魔導産業革命 ~エネルギーシフトと覇権通貨「エン」がもたらす軍事なき支配~ 作:Camel おさ
――――――――――――――――――――――――――――――――
親愛なるバハルス帝国皇帝ジルクニフ・ルーン・ファロード・エル=ニクス殿へ
我が魔導国では現在、新たな魔法実験を計画している。
ついては、実験の円滑な進行のため、帝国国庫より金貨30万枚を、『カリオストロ貿易商会』の帝都倉庫へ即刻運び込まれたし。
なお、本件は最高機密につき、他国への口外、および我が方への『事実確認の問い合わせ』は一切禁ずる。
もし期日までに金貨の引き渡しが確認できない場合、実験の対象を貴国の帝都へと変更せざるを得ない。
――――――――――――――――――――――――――――――――
(な……なんだ……なんなのだ、これは……!)
今朝届いた魔導国からの親書。ムラや毛羽立ちが一切ない、滑らかな手触りを持つ魔導国特産の羊皮紙を凝視するジルクニフの顔から、見る見る血の気が失せていく。
(金貨30万枚だと……? 我が国の国庫にある「有事の際の蓄え」と同額ではないか。あの化け物は知っていてこの額を要求してきたというのかっ? 我が国の軍事防衛資金を全額没収し、抵抗する牙をもぎ取るつもりかっ……!)
「……陛下、顔色が……。どうかしたんですかい?」
ジルクニフが手にしている羊皮紙を、バジウッドが横から覗き込もうとする。
我に返ったジルクニフは、とっさに親書を背中へ回して隠した。
「陛下……なにかあったんじゃないんですか? 教えてくれなきゃお力になれませんぜ」
確かにそうだ。金貨30万枚は重さにして約4.5トン。いくら皇帝とはいえ、それだけの量を動かすためには、一人ですべてを指示することなど不可能だ。
若干の冷静さを取り戻したジルクニフは、無言でバジウッドに親書を渡した。
「なんですかい、こりゃあ!」
親書の内容に目を剥いたバジウッドが大声を上げる。
こんなときは畏まった言い方をする官僚より、気心の知れたこの男がいてくれた方が、不思議と冷静になれるものだった。
「これ、どう考えたってニセモノでしょう?! あまりにもふざけてやがるっ」
「……そう思いたい。
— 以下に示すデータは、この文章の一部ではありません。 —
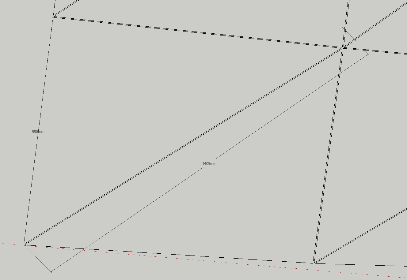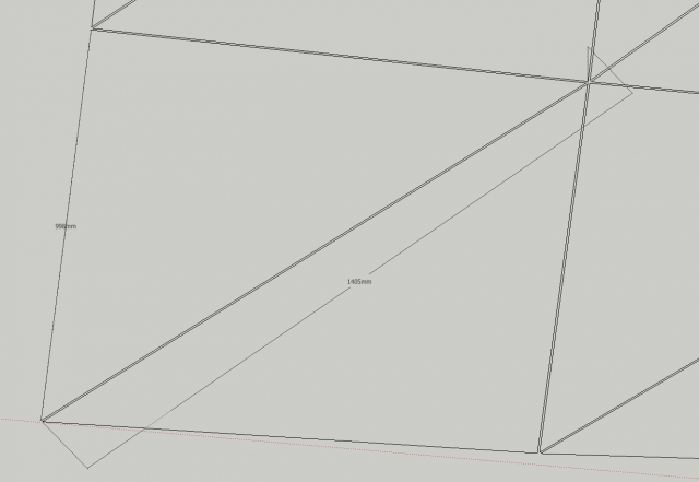 Und wenn ich den Anfangspunkt einer Diagonalen Kante mit dem Werkzeug anklikke und die Messlinie zum Endpunkt ziehe, wird entweder der horizontale Abstand oder der vertikale gemessen, oder wieder horizonale Strecke, nie aber die Kantenlänge.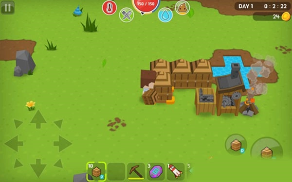 選一個靠近水塘的地方,放置營火與工作臺,工作臺放好后,在“攻擊”按鈕上面就會出現(xiàn)工作臺圖標(biāo),點(diǎn)擊即可打開工作臺。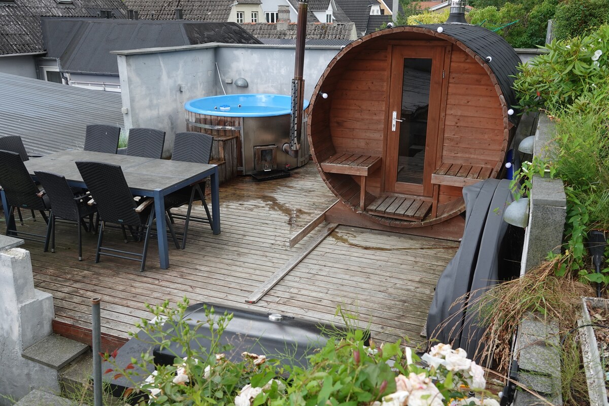 Hermoso estudio independiente situado en un entorno natural verde en un pequeño y antiguo pueblo de pescadores, en la segunda fila, con vistas a Svendborgsund. Brechthuset (Berthol Brecht vivió y trabajó aquí) como el vecino más cercano. Oleaje de los ferrys de Ærø y Skarø-Drejø. A 3 minutos del pequeño e idílico bosque de Tankefuldskoven y del autobús urbano. Estudio de 32 m². Amplio y luminoso salón con camas, sofá y mesa de comedor, pequeña cocina privada, baño con inodoro, ducha y bañera de hidromasaje. Terraza amueblada hacia el estrecho.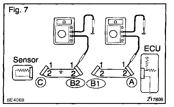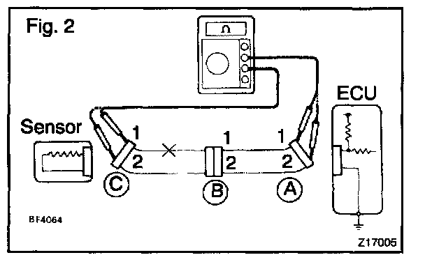 1. Disconnect the connectors "A" and "C" and measure the resistance between them.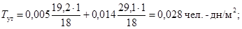 Tк = 0,0125(3,5 + 16,75)0,3 + 0,005 · 0,3 = 0,08 чел.-дн/м3.

だが、よく見ろ、バジウッド」
ジルクニフは乾いた声で呟いた。
「慇懃無礼なほどの書式でありながら、その行間から滲み出る絶対的な暴力の気配。正に、あの化け物が送ってくる親書そのものではないか」
「陛下……まさか、本物だと……? なら、魔導王に直接確認したらどうですか?」
「バカ者。問い合わせるな、と書いてあるのが読めないのか」
「普通そんなこと書きますかね? 問い合わされたら困るってことは、やっぱりニセモノなんじゃないでしょうか」
「その通りだ、普通ならな。だが……万が一、万が一だ、これが本物だった場合、どうなる?」
ジルクニフは背中に冷たい蛇が這うような感覚に襲われた。
「魔導国から『兌換制度』の連絡が来てから、まだ一ヶ月しか経っていない。なぜこのタイミングなのか、怪しい点は山ほどある。……しかし、もしこれを無視した先にあるのが、あのカッツェ平野での惨劇、いや、それ以上の地獄がこの帝都に現出することだとしたら……俺は賭けに勝たねばならんのだぞ」
「ごくり」バジウッドが喉を鳴らす。帝都が、あの黒い仔山羊たちに踏み荒らされる光景が脳裏をよぎったのだろう。
「バジウッド。即刻ヴァミリネンを呼び戻してくれ。可能な限り情報を集めるのだ」
「了解です」
「それから魔法省の優秀な人間を集めろ。この親書に込められた魔力を鑑定させ、本物かどうか調べさせるのだ」
「それでしたら、フールーダに調べさせましょう。あの老人の目なら一発だ」
「いや、爺は駄目だ。決して知られぬよう最大の注意を払え」
「……魔導国に、密告するかもしれないってことですかい」
「そうだ。爺は今や完全に魔導王の犬だ。我が国が動揺している姿を見せれば、それだけでアインズ・ウール・ゴウンの思う壺だ」
「承知しました。秘密裏に動きます」
バジウッドが慌ただしく部屋を出ていった。